- **What to work on**
From the line that contains "Simple, elegant and" to the final line below, both included, print each line exactly and skip the pictures.

- **Supplied data**
--------------------

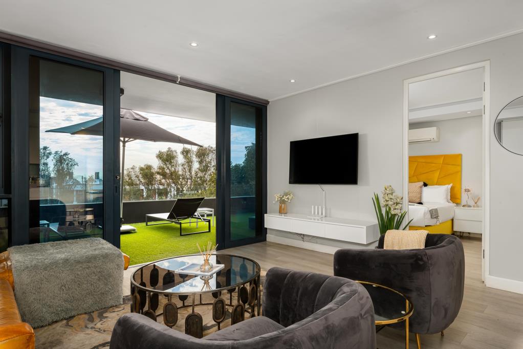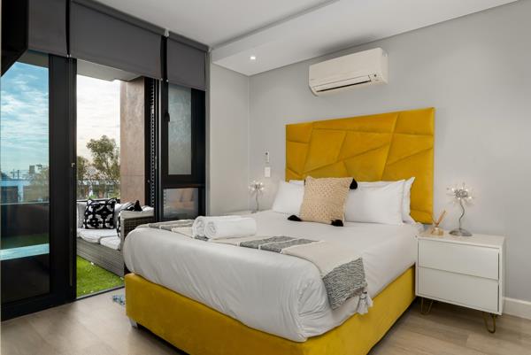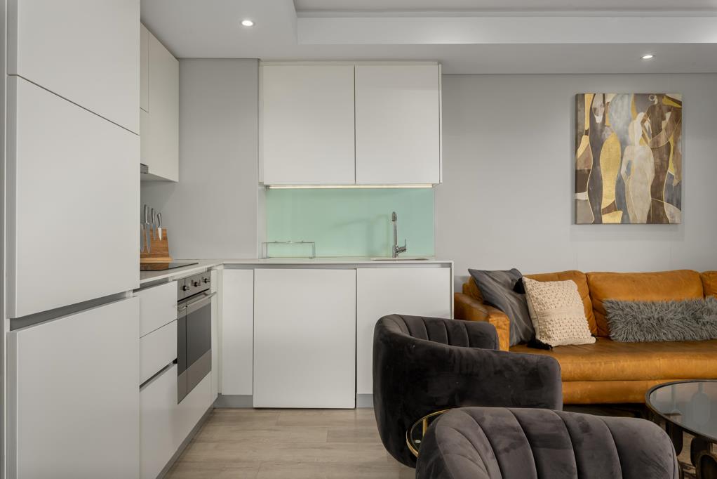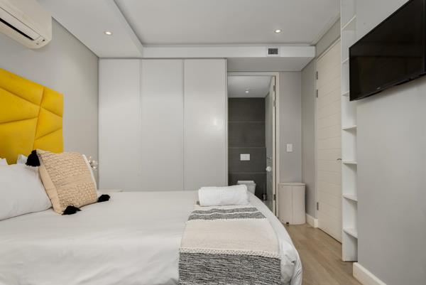 The open plan living area flows seamlessly, creating a sense of space and comfort, while the bedroom offers privacy and style. The buildings design captures sweeping views of the Atlantic Seaboard, Table Mountain and the city skyline.
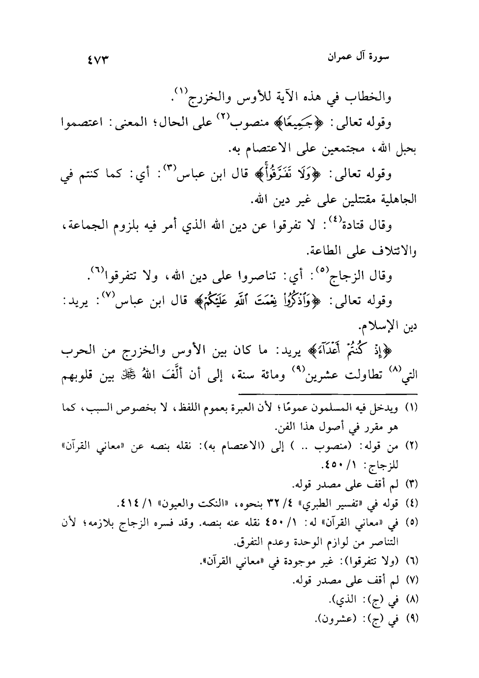 (¬2) من قوله: (منصوب ..) إلى (الاعتصام به): نقله بنصه عن "معاني القرآن" للزجاج: 1/ 450.
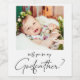 Simple, elegant and stylish black and white Godfather proposal wine bottle labels. Design features single photo of the baby and ''will you be my Godfather'' in trendy handwritten lettering.
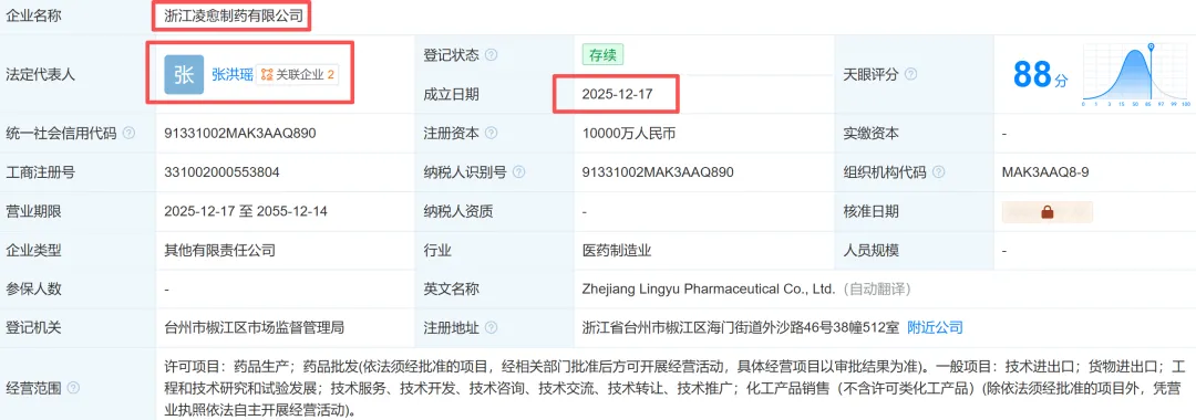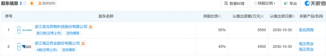 据查询,目前该合资公司已于近日成立,企业名为“浙江凌愈制药有限公司”,注册资本1亿,总投资预计23亿,其中圣兆持股55%、海正持股45%。

--------------------

- **Answer box**
 Simple, elegant and stylish black and white Godfather proposal wine bottle labels. Design features single photo of the baby and ''will you be my Godfather'' in trendy handwritten lettering.
 据查询,目前该合资公司已于近日成立,企业名为“浙江凌愈制药有限公司”,注册资本1亿,总投资预计23亿,其中圣兆持股55%、海正持股45%。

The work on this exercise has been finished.